On Wed, Nov 18, 2020 at 5:29 PM Magnus Hagander <magnus@hagander.net> wrote:
On Wed, Nov 18, 2020 at 5:44 PM Jonathan S. Katz <jkatz@postgresql.org> wrote:
>
> On 11/18/20 11:20 AM, Dave Page wrote:
> > I was looking at our analytic data, and saw that the vast majority of
> > inbound traffic to the docs, hits the 9.1 version. We've known this has
> > been an issue for years and have tried various remedies, clearly none of
> > which are working.
> >
> > Should we try an experiment for a couple of months, in which we simply
> > block anything that matches \/docs\/((\d+)|(\d.\d))\/ in robots.txt?
> > It's a much more drastic option, but at least it might force Google into
> > indexing the latest doc version with the highest priority.
>
> If we're going down this road, I would suggest borrowing a concept from
> the Django Project documentation which has a similar issue to us. In
> their codebase, use a <link> tag with rel="canonical" to point to the
> latest version of docs on their page[1].
>
> So for example, given 3.1 is their latest release, you will find
> something similar to this:
>
> <link rel="canonical"
> href="https://docs.djangoproject.com/en/3.1/ref/templates/builtins/">
>
> From a quick test of searching various Django concepts, it seems that
> the 3.1 pages tend to turn up first.
>
> Our equivalent would be "current".
>
> Jonathan
>
> [1]
> https://developers.google.com/search/docs/advanced/crawling/consolidate-duplicate-urls

We've discussed this many times before, and I think so far they've all
bogged down at "google suck" :) The problem is that they don't even
consider the case like we have where the pages *aren't* identical, but
yet related.

Sure, but we need to do something, regardless of whether Google suck in this case.
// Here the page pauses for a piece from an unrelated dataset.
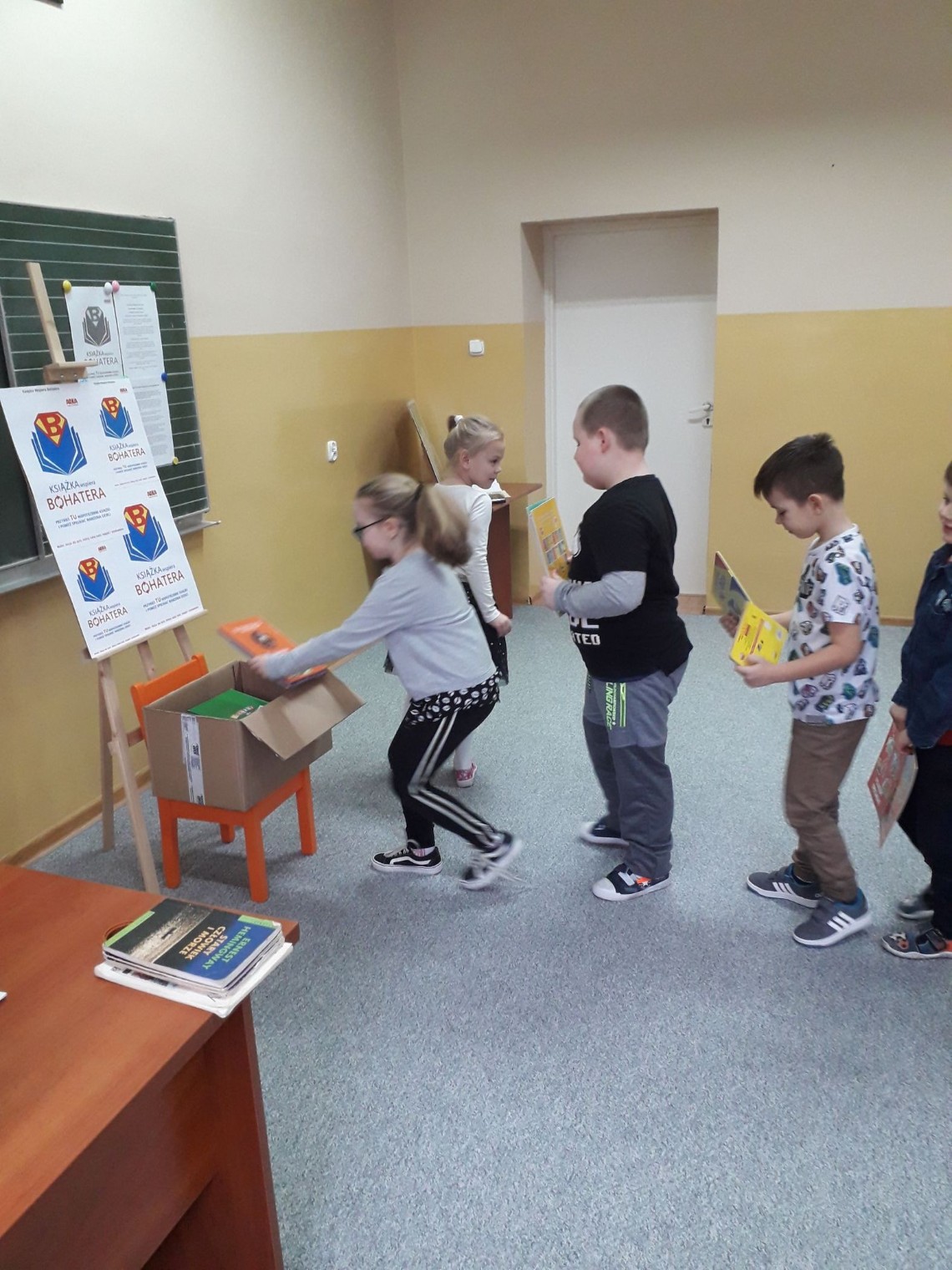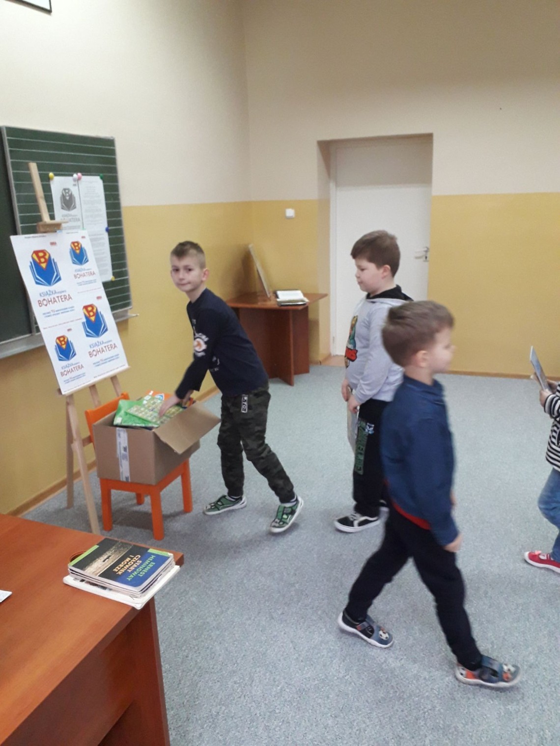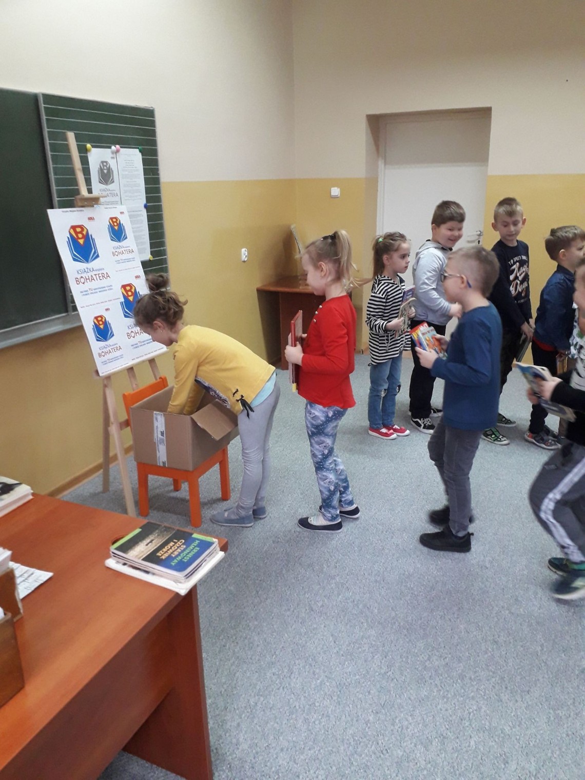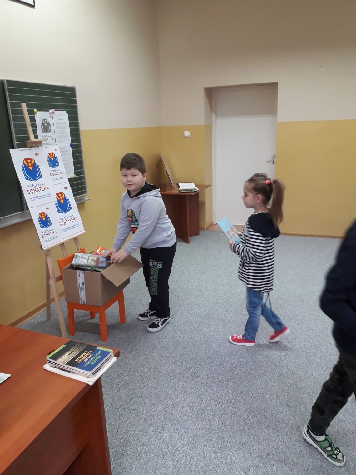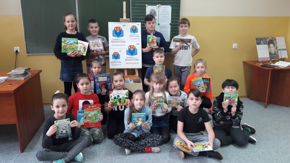 „Książka wspiera bohatera” to nowa inicjatywa fundacji, która łączy w sobie kilka aspektów: ochronę środowiska, edukację kulturalną i pomoc społeczną. Uczniowie naszej szkoły angażując się w akcję, pokazali jak wiele można uczynić dla innych. Szczególnie mocno zaangażowały się klasy Ia z wych. M. Gawłowicz, IIIa z wych. R. Gazdecką, IIIb z wych. M. Sucharzewską, IV z wych. M. Łysiak i Vb z wych. E. Świątkiewicz-Maj.

The current situation is ridiculous; I don't remember the last time I searched on something and didn't have to click an alternate version link if I chose a result from our docs.
 

The problem it usually comes down to is that if we do that, then you
will no longer be able to say search for something in the old docs *at
all*. A good example right now might be that recovery.conf stuff goes
away. Even if you explicitly search for "postgresql recovery.conf 11".
And I'd guess the majority of people are actually looking for things
in versions that are NOT the latest (though an even bigger majority of
people will be looking for things in versions that are not 9.1).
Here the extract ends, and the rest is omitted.